Parte significativa do livro é ocupada com a resposta às perguntas, questões, opiniões e comentários que vimos e ouvimos desde que o movimento se lançou, com maior insistência ou de análise mais sofisticada. Pensámos este livro como se ele fosse um ABC sobre a morte assistida, que nos dissesse tudo o que devemos saber sobre a morte assistida e nos preparasse para uma decisão séria, informada, consciente e responsável. Não temos a pretensão de ter dado resposta a todos os problemas, sabemos que não fizemos nem pretendíamos fazer uma obra perfeita. Pretendemos apenas ajudar a que cada um fique a saber o que está em causa, a facilitar o encontrar das respostas que melhor o satisfazem, sem que, para isso, tivéssemos de recorrer à adulteração da realidade ou à deturpação da opinião dos que não pensam como nós, esclarecendo com verdade o que está em causa, o que se pretende permitir e não permitir - como é o caso da exclusão dos menores e dos portadores de doença ou perturbação mental -, avaliando com rigor e objetividade a experiência daqueles que já legalizaram a morte assistida - vários países europeus e da América Latina e diversos estados norte-americanos -, não para copiar mas precisamente para aprender e saber evitar erros ou precipitações que existem em alguns desse exemplos estrangeiros. Não recorremos nem a truques nem a habilidades retóricas para impor a nossa razão. A força da nossa razão está nos nossos argumentos.
E, este trabalho, fizemo-lo com extremo cuidado devido à natureza da problemática em causa. A morte é o terreno do absoluto desconhecido e é fácil manipular o desconhecido. A morte é o momento de todos os receios e é fácil usar o medo - e até o horror - para granjear mais alguns apoios. Repito, não foi esse - nem será - o nosso caminho. Conduzimo-nos apenas pela racionalidade dos nossos argumentos, convictos de que nem a ignorância, nem o medo vencerão a razão. E convictos, também, de que à complexidade do tema se responde de forma exigente e elaborada, fugindo a simplificações e recusando adiar sine die a resposta que é indispensável encontrar para um problema que repercute de forma tão direta e intensa na vida de todos e de cada um.

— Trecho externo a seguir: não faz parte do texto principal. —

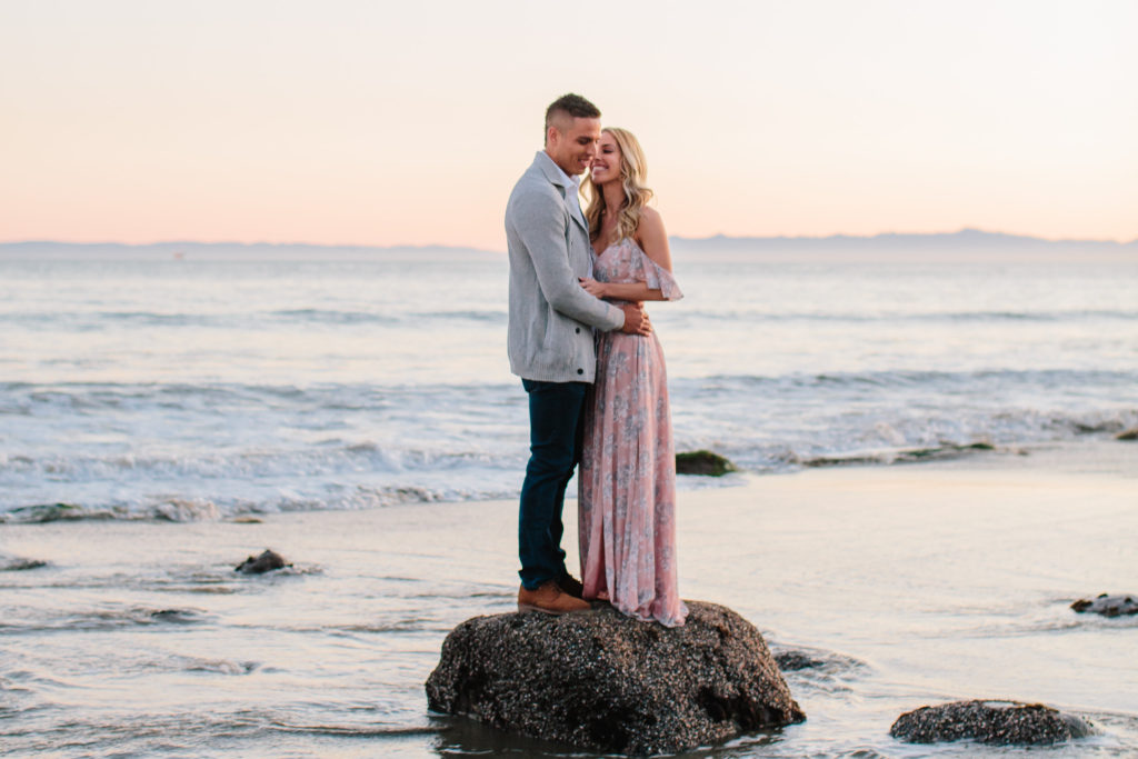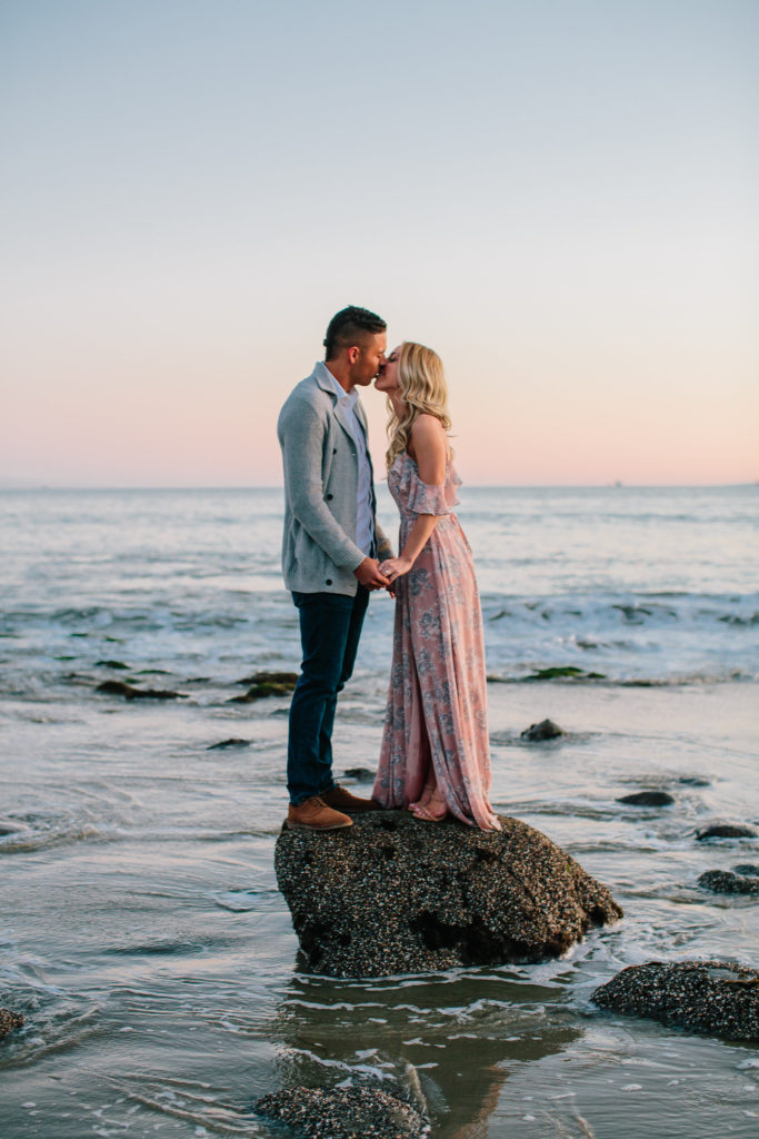 As far as our outfits go, I was deciding between two dresses. The dress I am wearing in the pictures and this one. Since these photos are intimate and romantic, I wanted our outfits to portray that, but also when looking back at these photos years from now I didn’t want to have that moment of “what the heck was I wearing” haha. Both of the dresses I was choosing from gave that romantic vibe, but I am glad I went with the one I am wearing because it went with the sunset perfectly!

O eixo desta edição é a morte assistida e foi disso que pretendemos tratar, razão pela qual não desenvolvemos nem valorizamos outros domínios que «contaminam» esta problemática, nomeadamente de natureza jurídico-constitucional, a mais flagrante das quais respeita à constitucionalidade ou inconstitucionalidade da despenalização, controvérsia que não deixará de ser levantada mas que, nesta fase e em abono da verdade, adianta muito pouco ao esclarecimento sobre o que é e o que se pretende com a despenalização da morte assistida. Ainda assim, quem nos ler encontrará dois excelentes textos redigidos à luz desta abordagem de pendor mais jurídico.

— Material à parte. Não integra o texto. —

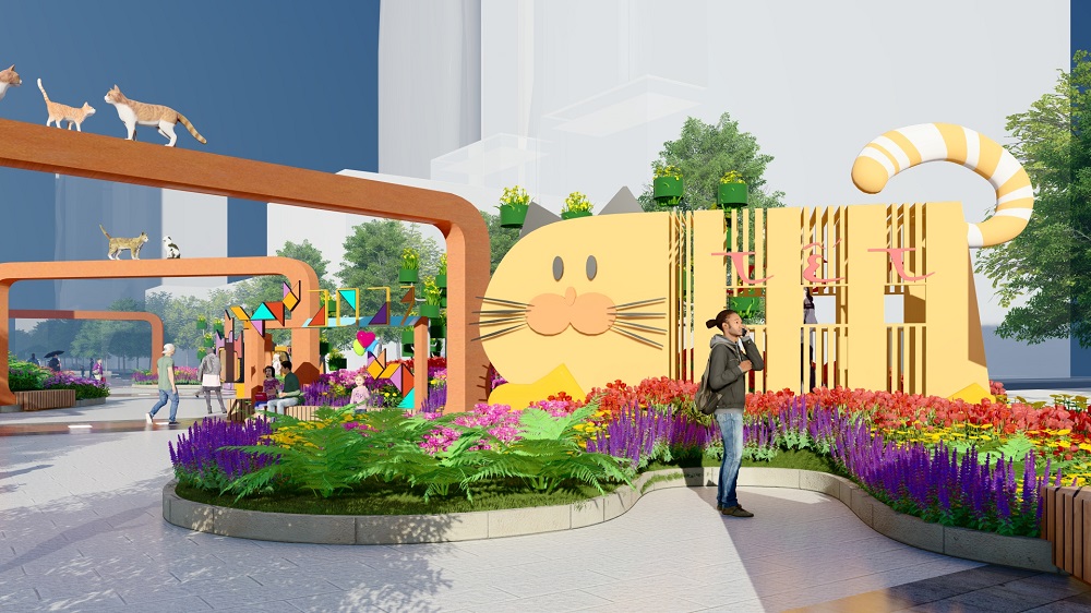 Tại Đường hoa Tết Quý Mão, 70 hình ảnh linh vật mèo được cách điệu thể hiện đa dạng về kích thước (thấp nhất 0,6 m, cao nhất 5,5 m), đa dạng về chất liệu từ mút xốp, sắt, sơn mỹ thuật, phủ mùn cưa, giả đất nung đến ốp hoa tươi… Dưới nhiều sắc thái, biểu cảm khác nhau từ dễ thương, nghiêm túc, tinh nghịch, lười biếng đến tò mò, linh vật Đường hoa năm nay sẽ không gây nhàm chán cho bất kỳ khách tham quan nào đi trọn hơn 600 m Đường hoa.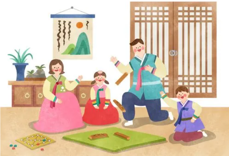 韩国人过春节,农历正月初一要返乡祭祖,当天他们要穿上新年服装或韩服举行祭祖仪式,祭祀结束 会还会一起吃顿饭,这其中不可缺少的是年糕汤,代表又增长了一岁,用餐完后晚辈会向长辈行大礼拿压 岁钱。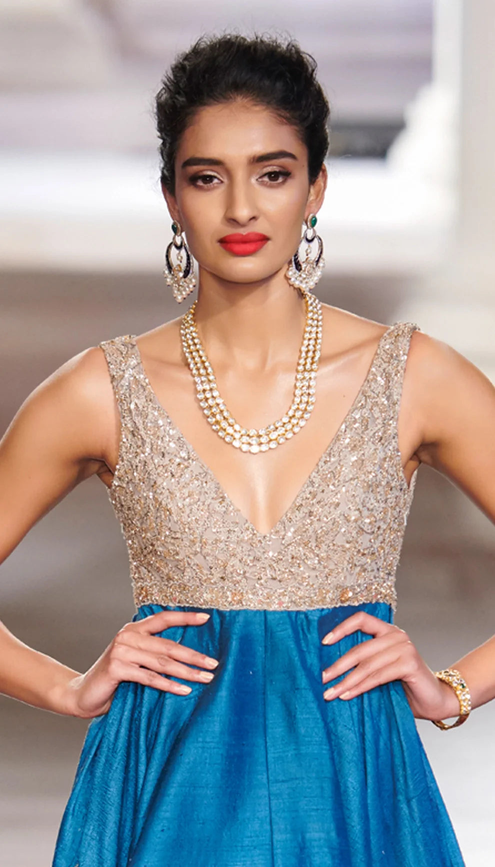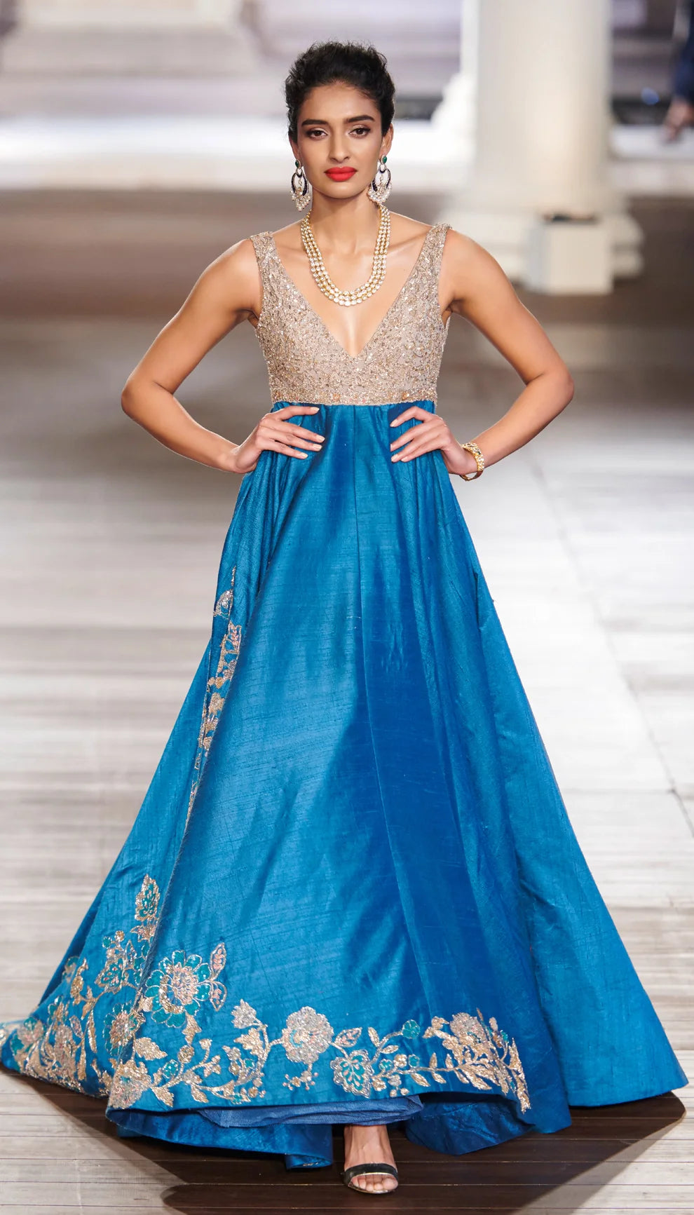 Blue Ball Gown with Floral Hem and Aari-Pita Embroidery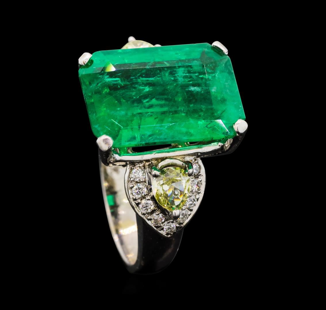 One electronically tested 18KT whit gold ladie's ring 9.00 grams including one natural emerald weighing 9.40cts and side diamonds weighing 1.05cts. Fine cutting and proportions. RBGS Appraised at $250,000.00.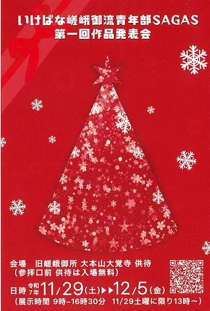 いけばな嵯峨御流青年部SAGAS 第一回作品発表会 2025.10.29 | 講座・イベント情報 日 時:令和7年11月29日(土)~12月5日(金) 展示時間:午前9時~午後4時30分 ※11月29日(土)は午後1時から 会 場:旧嵯峨御所 大本山大覚寺 供待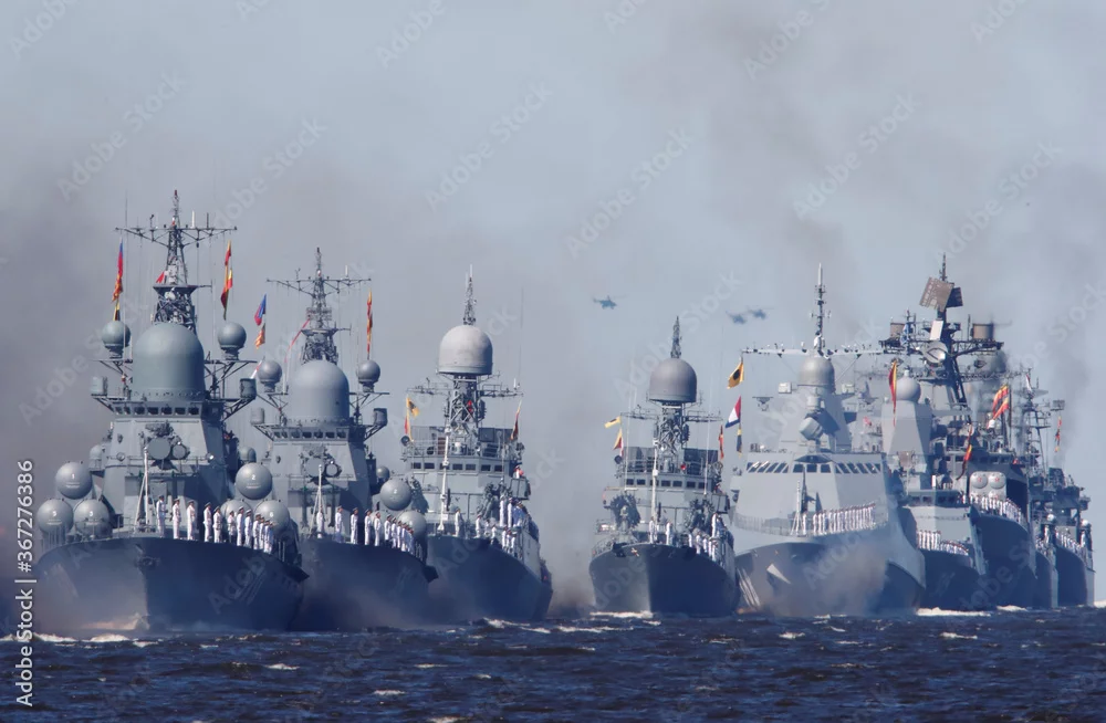 Russian warships sail during the Navy Day parade in Kronstadt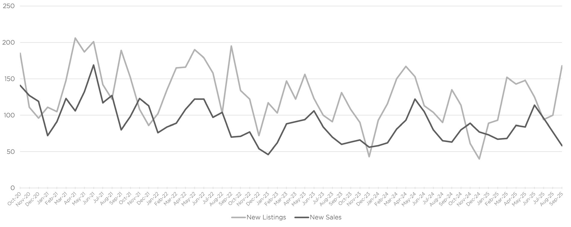 Source: Data provided by SmartCharts by ShowingTime, based on listing activity from BrightMLS (October 2020 - September 2025). All material presented is intended for information purposes only. This material is based on information that we consider reliable, but we do not represent that it is accurate or complete and it should not be relied upon as such. If your property is currently listed with another real estate broker, please disregard our marketing efforts. It is not our intention to solicit.

No momento em que esta edição estava a ser preparada, dois partidos - o PAN e o BE - já tinham entregado no Parlamento os respetivos projetos de lei e o PS confirmava a sua intenção de apresentar o seu próprio projeto. Também o PEV manifestou a sua intenção de avançar com um projeto de lei da sua autoria que, à data desta edição, se encontra ainda por apresentar. Este livro ficaria incompleto se nele não houvesse espaço para que cada um desses partidos expusesse as linhas gerais da sua proposta, as suas motivações e a forma como cada um propõe chegar ao que é o grande objetivo comum de todos eles: a despenalização da morte assistida.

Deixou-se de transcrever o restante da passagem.